Yusen

Yusen Logistics plans to roll-out its recently launched South-East Asia Link (Seal) trucking service to a series of secondary destinations as shippers in the region look for quicker transit times.

The Seal less-than-truckload (LTL) service links Singapore and Malaysia daily with a two-to-three times a week service from Malaysia to Bangkok, Phnom Penh and Hanoi, operating 40ft trailers between hubs and 20ft trailers for local, last-mile deliveries.

Described by the company as “an enhanced LTL service”, it was launched in response to a growing demand from shippers who wanted a freight service that could offer quicker transit times than those offered by intra-Asia container services, but cheaper than expensive air freight and express services.

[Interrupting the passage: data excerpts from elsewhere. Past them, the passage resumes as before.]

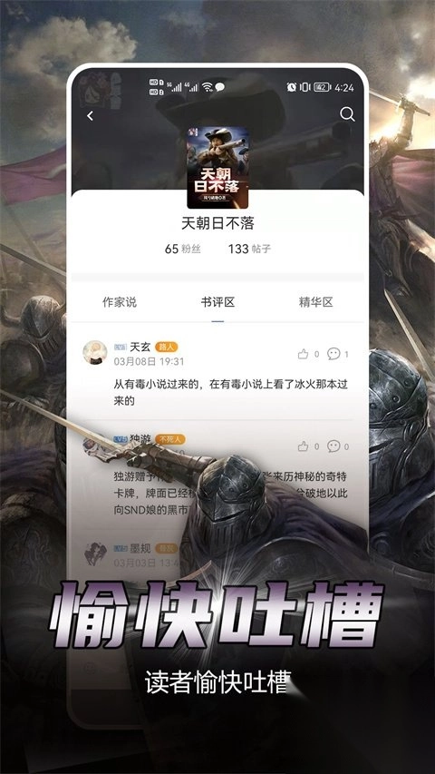 --打造阅读社区,用户能在此结交志同道合的朋友,畅快交流小说。
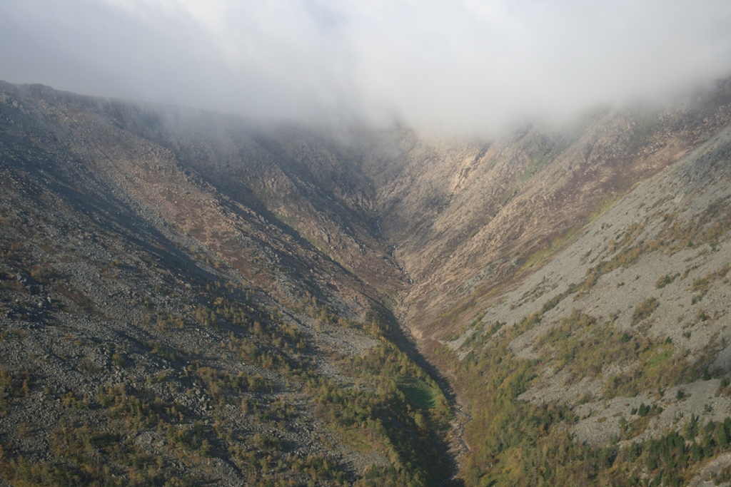 Вид на Иовский провал, над ним высокогорное плато, куда мы и планировали присесть, высота около 1200 метров, но к сожалению облака не дают нам этого сделать. Непосредственно за ним располагается вершина Конжака, так его в простонародности у нас кличут.
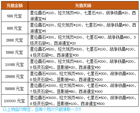 注:以上奖励均为绑定。
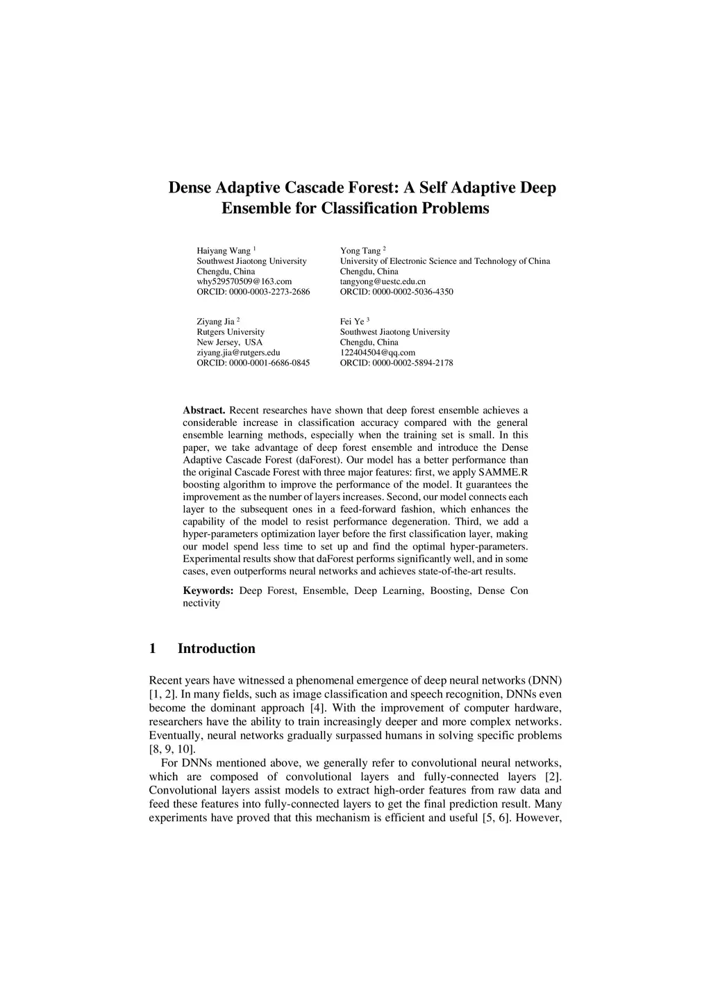 Dense Adaptive Cascade Forest: A Self Adaptive Deep Ensemble for
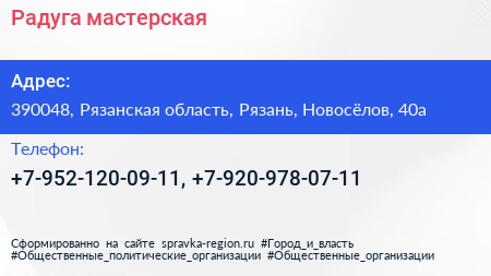 Радуга, мастерская по адресу 390048, Рязанская область, Рязань, Новосёлов, 40а в дальнейшем Организация, размещена в следующих категориях:
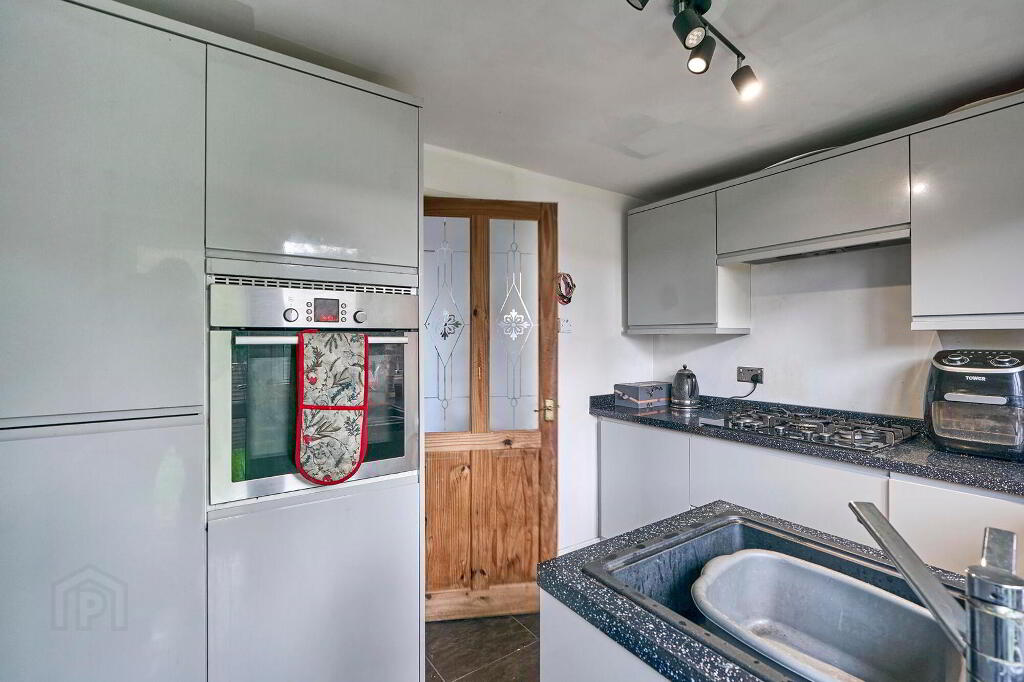 3.16m x 2.52m (10' 4" x 8' 3") Fitted kitchen with a range of hi and low level white gloss units, built in gas hob/oven and fridge freezer.
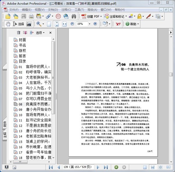 : 01 官场中的男人:被侮辱的,被损害的 02 称呼领导,确实是个很大的学问 03 大老板换秘书,不仅仅是人事问题 04 人在官场,千万不能依仗拐棍 05 与小人为伍,小人常备小鞋 06 把门前雪扫干净,你就是一个出色的领导干部 07 你可以得罪全世界的人,绝对不能得罪这一个 08 良禽择木而栖,做一个建立结构的人 09 唐小舟开始会办事了,包括办老婆 10 官场有两种人:一种是官,一种是吏 11 赵书记安全回来了,我就放心了 12 不是朋友就是敌人,官场永远没有第三阵线 13 唐小舟的处长任命正式生效 14 老板派出贴身秘书,纪委请出尚方宝剑 15 饭桌上的学问:权力就是要众星拱月 16 市长晚宴,赵德良讲起了将相和的故事 17 省委一号车给唐小舟出了一个大难题 18 替老板办事,就是让他无后顾之忧 19 扫黑:这个马蜂窝真的不能捅吗? 20 雷霆扫黑行动,就此拉开帷幕 21 理想主义的彩色外套剥去了,只留下灰色内衣 22 所谓的百分之百合理,可能是百分之百的臭牌 23 扫黑陷入困境,再论毛主席抗日之政治智慧 24 北京有个调查组下来了 25 彭清源聊大天,东一句西一句 26 多米诺骨牌效应出现了 27 赵德良成了江南官场最大的变数 28 世界上最不容易干的事,就是当官 29 组织部的提名是审慎严谨的,也是最好的 30 团结起来,争取更大的胜利
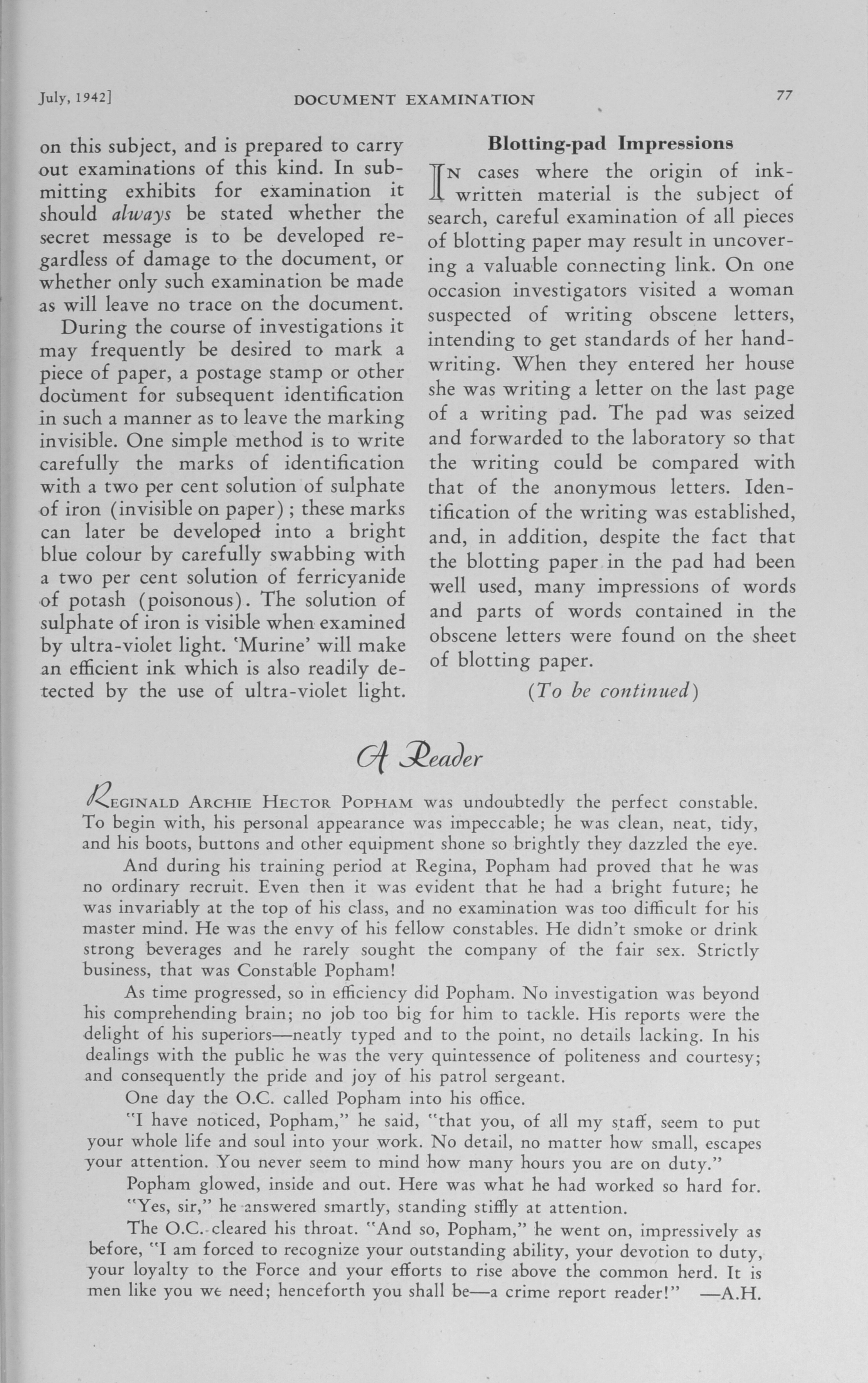 Royal Canadian Mounted Police quarterly. : Royal Canadian Mounted Police quarterly: Vol. 10, No. 1 (July, 1942)
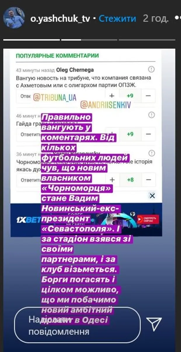 От нескольких футбольных людей слышал, что новым владельцем "Черноморца" станет Вадим Новинский, экс-президент "Севастополя". И за стадион взялся со своими партнерами, и за клуб возьмется. Долги погасят, и очень возможно, что мы увидим новый амбициозный проект в Одессе,
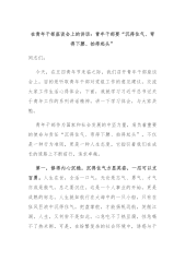在青年干部座谈会上的讲话:青年干部要“沉得住气、弯得下腰、抬得起头”(1816字)同志们:今天,在五四青年节来临之际,我们召开青年干部座谈会上,目的是听取青年干部对党组工作的意见建议,交流大家工作生活心得体会,下面,我就学习习近平总书记关于青年工作的系列讲话精神,讲一下学习体会,与大家共勉。青年干部作为国家和社会发展的中坚力量,肩负着重要的使命与责任“沉得住气、弯得下腰、抬得起头”,不仅是一种行为准则,更是一种人生态度,它指引着我们在成长的道路上不断前行,追求卓越。第一,修得内心沉稳,沉得住气方显英姿,一忍可以支百勇。人生在世,全活一口气,无论是志气、勇气、才气亦或是傲气,总之要沉住。这是一个...
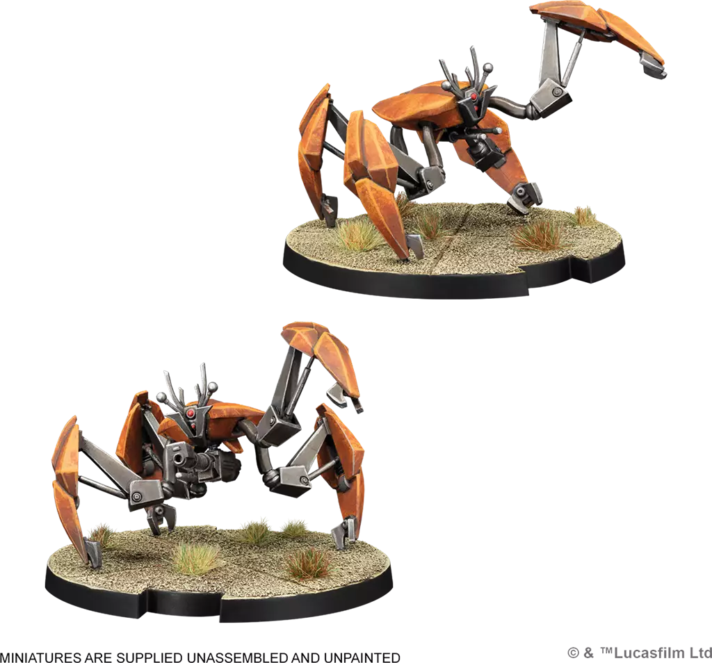 Connu sous le nom de « Muckracker », le LM-432 Crab Droid est un droïde de combat à quatre pattes qui prospère sur les terrains difficiles. Il est équipé d'un blindage lourd et s'appuie sur des optiques avancées pour soutenir les armées séparatistes à longue portée. Le Crab Droid est équipé de griffes mortelles efficaces en mêlée, bien qu'historiquement le LM-432 soit considéré comme vulnérable aux assauts directs. Avec leurs canons laser et leurs formidables profils défensifs, les Crab Droids sont un élément fiable des bataillons séparatistes.
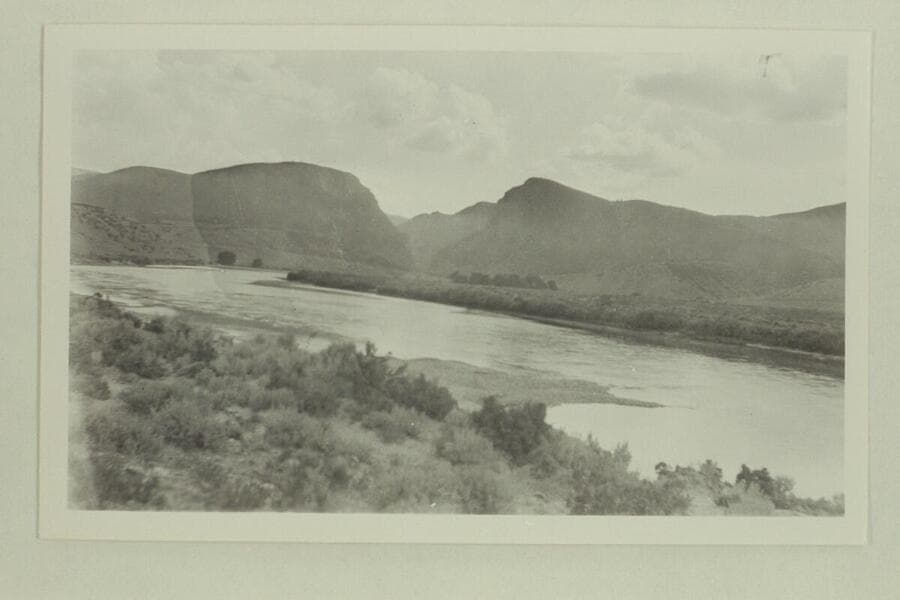 AK Reynolds, Marie and Joe Desloge float toward the Gate of Lodore; Brown's Hole, Green River. Below Vermillion Creek

Yusen said that, in the Bangkok-Hanoi corridor, which is experiencing high growth rates in terms of volumes, road freight was half the cost of air freight, and the transit times of between one and three days beat the 10 days offered by sea freight.

However, large variations in customer regimes, combined with political instability in the region, have so far limited attempts to create a pan-region trucking network.

Yusen Logistics’ senior executive of its business solution division for South Asia & Oceanic region, David Edwin Roy, said Laos, Ho Chi Minh City and Kunming, China, were potential destinations.

“We have identified these as phase two of our roll-out destinations and are studying them closely.

“Having said that, we are constantly looking at the challenges of the changing practices of Customs regulations, yet-to-be-steady bilateral relations and economic stability.”

The challenges of Customs in this part of the world were not be underestimated, he said.

“In lesser-developed countries, customs clearance procedures take time and good relationship skills. Documentation processes differ and one needs to be very familiar and thorough to avoid being stranded with a truckload of customers’ goods awaiting delivery,” Mr Roy added.

For example, clearing Customs takes longer in Vietnam and is different to Malaysia and Thailand – it varies depending on the type of goods, as Customs places different criteria on tax and exemptions.

The route between Thailand and Vietnam runs through Laos, south of its capital Vientiane, thus by-passing Cambodia and the heavily congested border-crossing at Poi Pet, where truck queues can at times be as long as 5km.

The long-term plan for the region has been the development of a trans-Asia railway linking Kunming with Singapore, with added spurs connecting Ho Chi Minh City and Phnom Penh to the main artery.

But it remains a project very much in its infancy, with work underway on sections between China and Vietnam and China and Myanmar, but large swathes of construction are yet to begin.

Mr Roy said: “Railway transport in our region is under discussion and it offers possible new avenues to provide solutions for freight into the South-East Asia region.

“The volume, type of goods and industry in this segment will be reviewed. This data will then be scrutinised to see how much freight can be captured for road transportation.”